All cells require other factors in addition to the origin-binding protein to load the helicase onto DNA. Before loading, bacterial DnaB and eukaryotic MCM are bound by DnaC and Cdt1, respectively, which facilitate delivery of the helicase complexes to the origin. DnaC is an AAA+ protein that uses ATP to bind the DnaB helicase in an inactive form and it cooperates with DnaA to load DnaB onto the ssDNA bubble formed at the origin by DnaA. ATP hydrolysis ejects DnaC after the loading step, enabling the helicase to become active in DNA unwinding (Kaguni 2011). In eukaryotes, Cdt1 brings the MCM2-7 helicase to the ORC-Cdc6 complex that is bound to the origin DNA (Masai et al. 2010). MCM loading triggers ATP hydrolysis by Cdc6, ejecting it from the DNA and promoting release of Cdt1. Archaea have the AAA+ Orc1/Cdc6 origin-binding protein, but to date no archaeal Cdt1 homolog has been identified, so the MCM hexamer may bind directly to the initiator protein (Barry and Bell 2006). The precise mechanism by which these proteins load the helicase is unknown in any system. MCM2-7 loading by ORC, Cdc6, and Cdt1 forms a prereplicative complex (the Pre-RC) in which MCM2-7 surrounds duplex DNA, but it remains inactive for DNA unwinding until cells commit to enter S phase of the cell cycle (Masai et al. 2010).
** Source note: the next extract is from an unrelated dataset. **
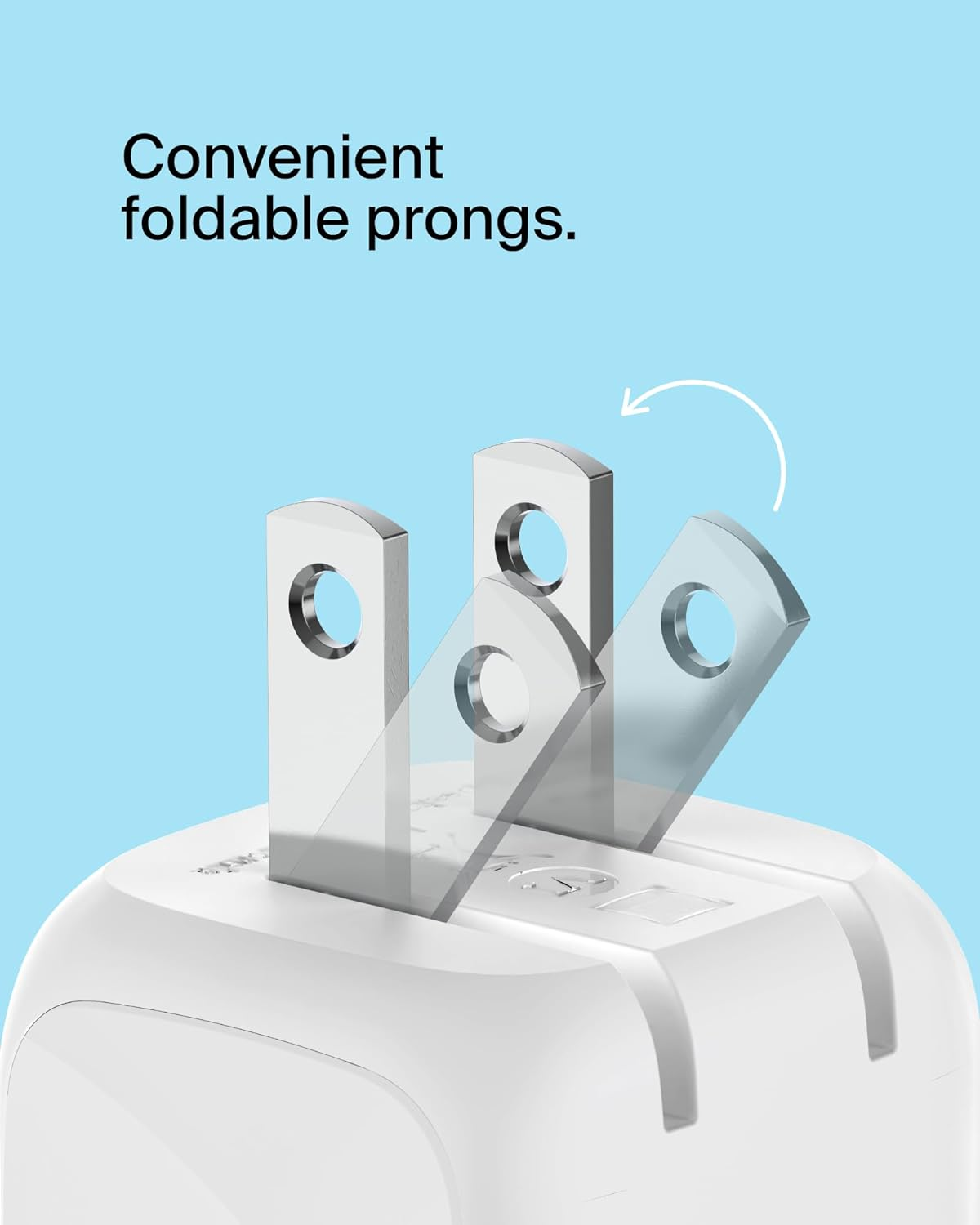 - DURABLE & TRAVEL READY: This Belkin Wall Charger is made with durability in mind and features foldable prongs for a convenient, travel-ready design. Compact and lightweight, it's the perfect charger for home, office, or travel

Loading the helicase and activating it to unwind DNA are central replication control points in all cell types, but the way bacteria and eukaryotes regulate this process is fundamentally different. E. coli DnaA binding at the origin is regulated by SeqA, which sequesters the origin and prevents access to DnaA (Dame et al. 2011). Sequestration is dependent on the methylation state of the origin DNA (SeqA can only bind newly replicated, hemimethylated DNA). Under optimal growth conditions, E. coli reinitiates DNA synthesis at the origin before completing the previous round of replication, yielding multiple chromosomes in one cell; the chromosomes eventually segregate into individual cells. Eukaryotes cannot afford the luxury of rereplication because of their requirement for multiple origins on each chromosome. Reinitiation at some origins and not others would lead to copy number differences within regions of a chromosome and problems with chromosome segregation during mitosis. Hence, under most circumstances, eukaryotic origin initiation is tightly regulated so that origins initiate once, and only once, per cell division. Eukaryotes achieve this exquisite level of control by separating initiation events into different phases of the cell cycle and imposing multiple regulatory processes on the mechanism of initiation of DNA replication (Diffley 2011), whereas bacteria lack a well-defined cell cycle (see Fig. 2) (Morgan 2007). Progression from one eukaryotic cell phase to the next is driven by many regulated events including the synthesis of new proteins, the destruction of others, and protein modification such as phosphorylation by kinases, a modification that is largely absent among bacterial replication proteins. An additional level of control, also distinct from bacteria, is that eukaryotic replication occurs in the nucleus and this compartmentalization allows for tight regulation by excluding key proteins from the nucleus when their activity is not required or when it might be detrimental.